- _Exercise instructions_:
Your output should be the line with "This appears to" plus all following lines to the end of the records, exactly as written and nothing more.

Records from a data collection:
========================================
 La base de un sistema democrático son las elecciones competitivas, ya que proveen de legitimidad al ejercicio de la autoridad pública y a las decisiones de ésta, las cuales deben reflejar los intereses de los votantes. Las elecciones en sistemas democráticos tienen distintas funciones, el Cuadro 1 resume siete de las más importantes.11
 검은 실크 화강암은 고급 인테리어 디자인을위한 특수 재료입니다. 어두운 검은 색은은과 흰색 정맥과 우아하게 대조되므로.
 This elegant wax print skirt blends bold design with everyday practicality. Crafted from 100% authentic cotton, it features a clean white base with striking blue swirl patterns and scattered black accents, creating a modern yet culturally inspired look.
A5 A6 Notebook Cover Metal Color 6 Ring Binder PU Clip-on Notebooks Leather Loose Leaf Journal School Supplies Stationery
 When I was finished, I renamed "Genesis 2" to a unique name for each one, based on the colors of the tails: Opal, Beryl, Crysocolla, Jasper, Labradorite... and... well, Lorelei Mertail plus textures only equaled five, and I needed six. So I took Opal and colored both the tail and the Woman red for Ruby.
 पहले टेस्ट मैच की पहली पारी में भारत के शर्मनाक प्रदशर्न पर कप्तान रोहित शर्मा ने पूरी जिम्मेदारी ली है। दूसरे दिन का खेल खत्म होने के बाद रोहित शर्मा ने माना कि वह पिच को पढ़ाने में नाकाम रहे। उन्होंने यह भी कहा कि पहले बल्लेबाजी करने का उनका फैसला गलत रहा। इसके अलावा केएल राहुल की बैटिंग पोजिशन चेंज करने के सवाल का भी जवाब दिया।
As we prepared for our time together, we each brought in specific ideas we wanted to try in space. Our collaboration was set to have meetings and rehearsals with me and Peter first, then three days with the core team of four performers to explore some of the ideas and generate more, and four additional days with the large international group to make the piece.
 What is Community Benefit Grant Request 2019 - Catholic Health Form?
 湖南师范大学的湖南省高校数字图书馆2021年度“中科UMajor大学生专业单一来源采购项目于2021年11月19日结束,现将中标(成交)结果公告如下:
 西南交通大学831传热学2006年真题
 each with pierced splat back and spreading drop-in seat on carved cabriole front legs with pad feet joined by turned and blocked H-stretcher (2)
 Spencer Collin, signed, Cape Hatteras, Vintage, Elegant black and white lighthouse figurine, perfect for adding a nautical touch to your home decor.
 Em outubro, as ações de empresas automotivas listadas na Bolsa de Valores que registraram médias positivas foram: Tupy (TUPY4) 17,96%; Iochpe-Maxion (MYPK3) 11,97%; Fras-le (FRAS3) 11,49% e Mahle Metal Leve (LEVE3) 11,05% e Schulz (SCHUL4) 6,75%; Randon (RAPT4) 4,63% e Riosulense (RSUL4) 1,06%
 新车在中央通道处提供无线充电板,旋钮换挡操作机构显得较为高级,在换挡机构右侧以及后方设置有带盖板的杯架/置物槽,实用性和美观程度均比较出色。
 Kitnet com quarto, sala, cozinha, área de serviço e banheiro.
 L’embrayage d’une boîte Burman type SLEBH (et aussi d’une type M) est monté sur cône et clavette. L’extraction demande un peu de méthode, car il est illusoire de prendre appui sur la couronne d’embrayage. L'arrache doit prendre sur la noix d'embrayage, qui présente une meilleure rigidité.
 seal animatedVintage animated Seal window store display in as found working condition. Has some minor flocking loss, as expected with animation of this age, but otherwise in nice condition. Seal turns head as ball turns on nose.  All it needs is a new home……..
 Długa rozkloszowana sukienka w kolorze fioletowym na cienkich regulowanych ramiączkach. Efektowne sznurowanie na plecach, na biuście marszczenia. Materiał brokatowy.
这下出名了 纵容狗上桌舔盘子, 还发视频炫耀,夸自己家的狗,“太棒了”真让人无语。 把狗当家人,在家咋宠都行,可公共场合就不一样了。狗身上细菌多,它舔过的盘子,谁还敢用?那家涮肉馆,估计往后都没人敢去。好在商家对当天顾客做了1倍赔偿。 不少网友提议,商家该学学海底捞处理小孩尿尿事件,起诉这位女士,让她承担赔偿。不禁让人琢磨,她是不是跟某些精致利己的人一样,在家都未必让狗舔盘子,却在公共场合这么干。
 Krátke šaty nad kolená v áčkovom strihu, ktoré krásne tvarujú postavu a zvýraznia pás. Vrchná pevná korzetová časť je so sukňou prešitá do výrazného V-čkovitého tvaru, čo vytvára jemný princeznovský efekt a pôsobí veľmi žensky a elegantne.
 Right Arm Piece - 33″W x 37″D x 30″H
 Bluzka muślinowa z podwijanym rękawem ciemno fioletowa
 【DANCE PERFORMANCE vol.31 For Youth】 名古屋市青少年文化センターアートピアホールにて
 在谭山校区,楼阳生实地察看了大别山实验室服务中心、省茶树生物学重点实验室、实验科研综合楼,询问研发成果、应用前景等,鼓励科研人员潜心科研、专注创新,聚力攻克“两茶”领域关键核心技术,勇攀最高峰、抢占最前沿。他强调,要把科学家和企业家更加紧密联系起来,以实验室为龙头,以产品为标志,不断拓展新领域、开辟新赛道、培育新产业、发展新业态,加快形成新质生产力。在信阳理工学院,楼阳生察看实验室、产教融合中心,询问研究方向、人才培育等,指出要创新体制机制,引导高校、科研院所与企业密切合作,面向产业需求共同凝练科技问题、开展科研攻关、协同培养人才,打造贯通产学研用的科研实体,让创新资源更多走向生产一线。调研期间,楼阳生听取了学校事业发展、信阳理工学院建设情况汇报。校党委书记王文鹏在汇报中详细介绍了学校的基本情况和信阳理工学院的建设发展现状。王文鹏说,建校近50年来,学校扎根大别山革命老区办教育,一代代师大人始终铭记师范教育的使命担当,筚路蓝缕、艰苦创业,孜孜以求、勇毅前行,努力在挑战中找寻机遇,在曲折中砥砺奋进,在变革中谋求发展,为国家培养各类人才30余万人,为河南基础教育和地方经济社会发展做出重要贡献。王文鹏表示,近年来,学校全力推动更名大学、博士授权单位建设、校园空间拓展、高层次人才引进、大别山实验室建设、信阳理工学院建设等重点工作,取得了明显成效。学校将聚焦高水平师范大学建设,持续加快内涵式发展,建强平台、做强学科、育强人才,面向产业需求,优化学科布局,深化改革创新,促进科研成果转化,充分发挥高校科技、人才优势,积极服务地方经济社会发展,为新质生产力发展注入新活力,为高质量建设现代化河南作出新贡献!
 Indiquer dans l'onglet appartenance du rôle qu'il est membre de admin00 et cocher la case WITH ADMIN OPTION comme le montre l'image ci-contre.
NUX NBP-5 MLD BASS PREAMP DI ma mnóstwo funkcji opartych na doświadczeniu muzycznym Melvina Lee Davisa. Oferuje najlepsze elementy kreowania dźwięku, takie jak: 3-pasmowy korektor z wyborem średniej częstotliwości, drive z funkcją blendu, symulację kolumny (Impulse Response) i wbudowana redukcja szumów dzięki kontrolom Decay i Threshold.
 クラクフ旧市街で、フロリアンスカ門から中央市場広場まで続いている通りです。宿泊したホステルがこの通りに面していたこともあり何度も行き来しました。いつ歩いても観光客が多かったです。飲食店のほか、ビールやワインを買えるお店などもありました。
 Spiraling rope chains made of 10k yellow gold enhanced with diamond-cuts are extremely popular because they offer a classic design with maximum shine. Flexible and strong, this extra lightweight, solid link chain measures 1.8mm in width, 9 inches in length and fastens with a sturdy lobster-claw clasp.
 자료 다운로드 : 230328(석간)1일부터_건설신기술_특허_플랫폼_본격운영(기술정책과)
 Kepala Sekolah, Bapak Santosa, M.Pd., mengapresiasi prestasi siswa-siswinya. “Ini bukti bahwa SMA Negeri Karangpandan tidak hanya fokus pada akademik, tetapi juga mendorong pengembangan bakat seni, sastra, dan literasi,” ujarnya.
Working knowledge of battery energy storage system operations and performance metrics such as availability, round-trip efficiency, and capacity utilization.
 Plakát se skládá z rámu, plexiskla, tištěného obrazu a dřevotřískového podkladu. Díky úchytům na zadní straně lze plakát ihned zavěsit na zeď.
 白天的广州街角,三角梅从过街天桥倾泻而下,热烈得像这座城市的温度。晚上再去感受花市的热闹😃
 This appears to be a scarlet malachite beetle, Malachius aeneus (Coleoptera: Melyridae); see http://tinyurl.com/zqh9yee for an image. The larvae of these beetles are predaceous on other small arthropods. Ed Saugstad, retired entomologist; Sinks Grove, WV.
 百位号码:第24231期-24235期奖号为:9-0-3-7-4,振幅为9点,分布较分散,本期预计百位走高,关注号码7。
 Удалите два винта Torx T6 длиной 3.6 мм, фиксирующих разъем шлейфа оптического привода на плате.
========================================
- _Written solution_:
 This appears to be a scarlet malachite beetle, Malachius aeneus (Coleoptera: Melyridae); see http://tinyurl.com/zqh9yee for an image. The larvae of these beetles are predaceous on other small arthropods. Ed Saugstad, retired entomologist; Sinks Grove, WV.
 百位号码:第24231期-24235期奖号为:9-0-3-7-4,振幅为9点,分布较分散,本期预计百位走高,关注号码7。
 Удалите два винта Torx T6 длиной 3.6 мм, фиксирующих разъем шлейфа оптического привода на плате.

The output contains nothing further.